OOS 41-10 - Eco-evolutionary feedbacks in the invasive plant Alliaria petiolata

Friday, August 12, 2016: 11:10 AM
Grand Floridian Blrm H, Ft Lauderdale Convention Center
Jeffrey A. Evans, Department of Biological Sciences, Dartmouth College, Hanover, NH, Richard Lankau, Plant Pathology, University of Wisconsin, Adam S. Davis, USDA-ARS Global Change and Photosynthesis Research Unit, University of Illinois, Urbana-Champaign, Urbana, IL, S. Raghu, CSIRO; USDA-ARS Australian Biological Control Laboratory and Douglas A. Landis, Center for Integrated Plant Systems Lab, Michigan State University, East Lansing, MI
Background/Question/Methods

Ecological and evolutionary processes historically have been assumed to operate on significantly different time scales. We know now from theory and work in experimental and model systems that these processes can feed back on each other on mutually relevant time scales. Here, we present evidence of a soil-mediated eco-evolutionary feedback on the population dynamics of an invasive biennial plant, Alliaria petiolata. As populations age, natural selection drives down production of A. petiolata’s important anti-mycorrhizal allelochemical, sinigrin. This occurs due to density dependent selection on sinigrin, which is favored under interspecific, but disfavored under intraspecific, competition. We investigated how this evolutionary dynamic relates to numerical dynamics of populations using greenhouse experiments, field observations, and demographic modeling.

Results/Conclusions

We show that population stochastic growth rates and plant densities are positively related to sinigrin concentration measured in seedling roots.

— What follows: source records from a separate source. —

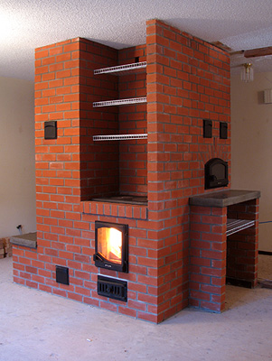 | Sergei & Sveta’s Heater, Bowser, Vancouver Island, BC This Russian-style multifunctional heater operates with a single firebox and features cook-top over the BIO-firebox, an extra-large direct bake oven, heated bench, drying shelves and integrated wood storage. The heater serves as the main heating source for a country home. | |||||||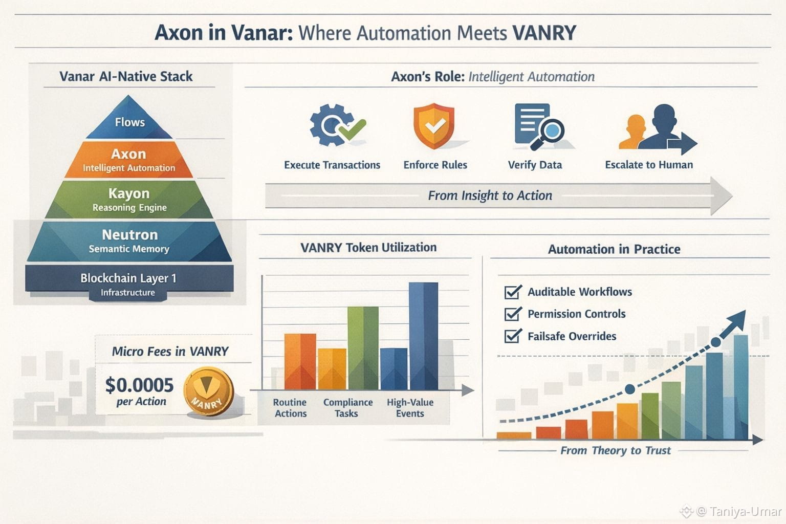 @Vanarchain In the last year, “AI on-chain” has stopped sounding like a quirky tagline and started feeling like a practical design problem people are trying to solve. Not in the abstract, but in the messy places where data is scattered, rules change, and somebody still has to press the button. Vanar’s stack frames that problem in a simple sequence: remember, reason, automate. Axon is the piece that makes the third verb matter, and that’s why it keeps showing up in discussions around VANRY.
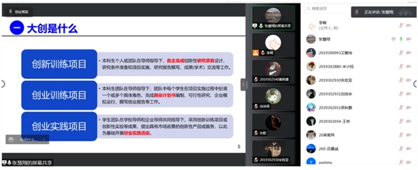 首先,院长助理张慧翔老师对大学生创新创业训练计划做了全面介绍,就大创项目的申报流程以及申报书撰写时的注意要点进行了详细解读并给予相关建议。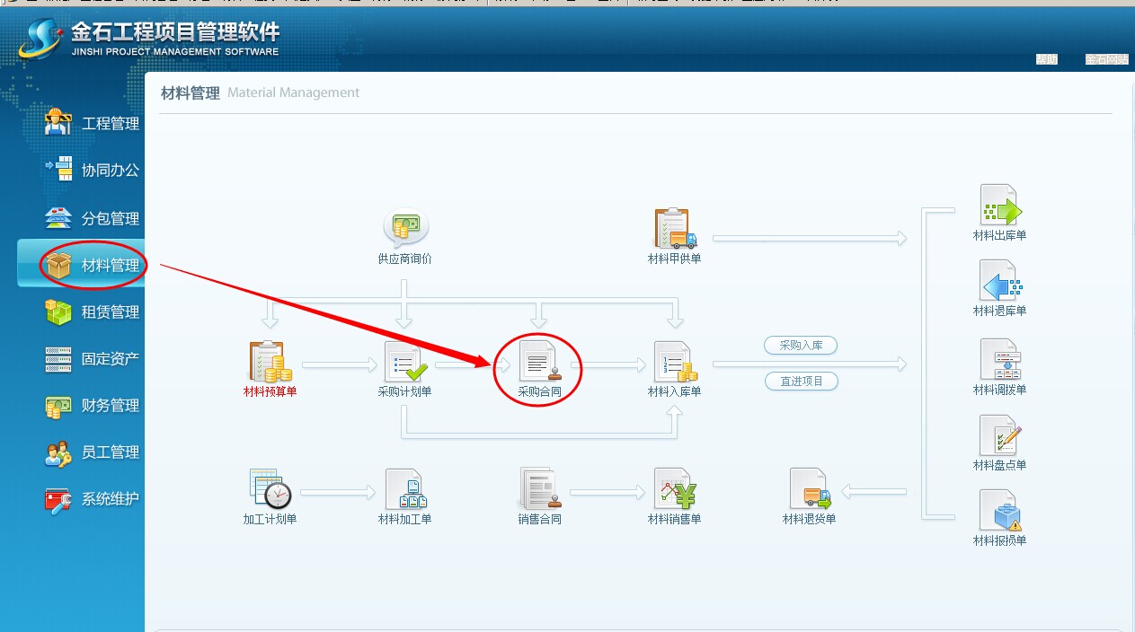 ①簽訂采購合同先付的預(yù)付款錄入:打開軟件導(dǎo)航欄材料管理-----采購合同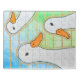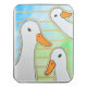This puzzle features a watercolor painting showcasing three white ducks against a blue-green background with geometric gold lines. See more modern animal gifts in our store, as well as more duck games for animal lovers.
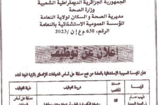 اعلان عن توظيف بالمؤسسة العمومية الاستشفائية البيض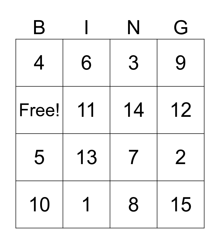 This bingo card has 16 words: 1, 2, 3, 4, 5, 6, 7, 8, Free!, 11, 10, 9, 13, 12, 14 and 15.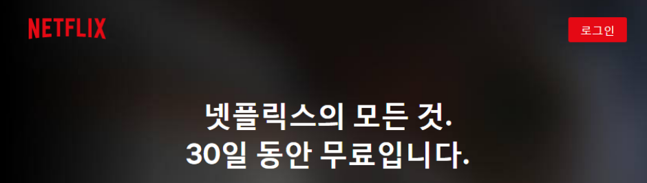 검색을 통해서 넷플릭스 홈페이지 주소를 찾아서 사이트에 들어갔습니다. 화면 중앙에 써있는 문구가 가장 눈에 들어오는데요. 유료 서비스 이지만 체험을 통해서 경험해 볼수 있도록 서비스 해주는 군요.

This interaction is mediated by sinigrin’s positive effect on seedling and summer survival, which are important drivers of population growth rates. Together, these illustrate how the evolution of a trait shaped by natural selection can influence the ecology of a species over a period of just years to decades, altering its trajectory of population growth and interactions with the species in the soil and plant communities it invades. Our findings confirm predictions that eco-evolutionary feedbacks occur in natural populations. Furthermore, they improve our conceptual framework for projecting future population growth by linking variation in plant demography to a critical competitive trait (sinigrin) whose selective advantages decrease as populations age.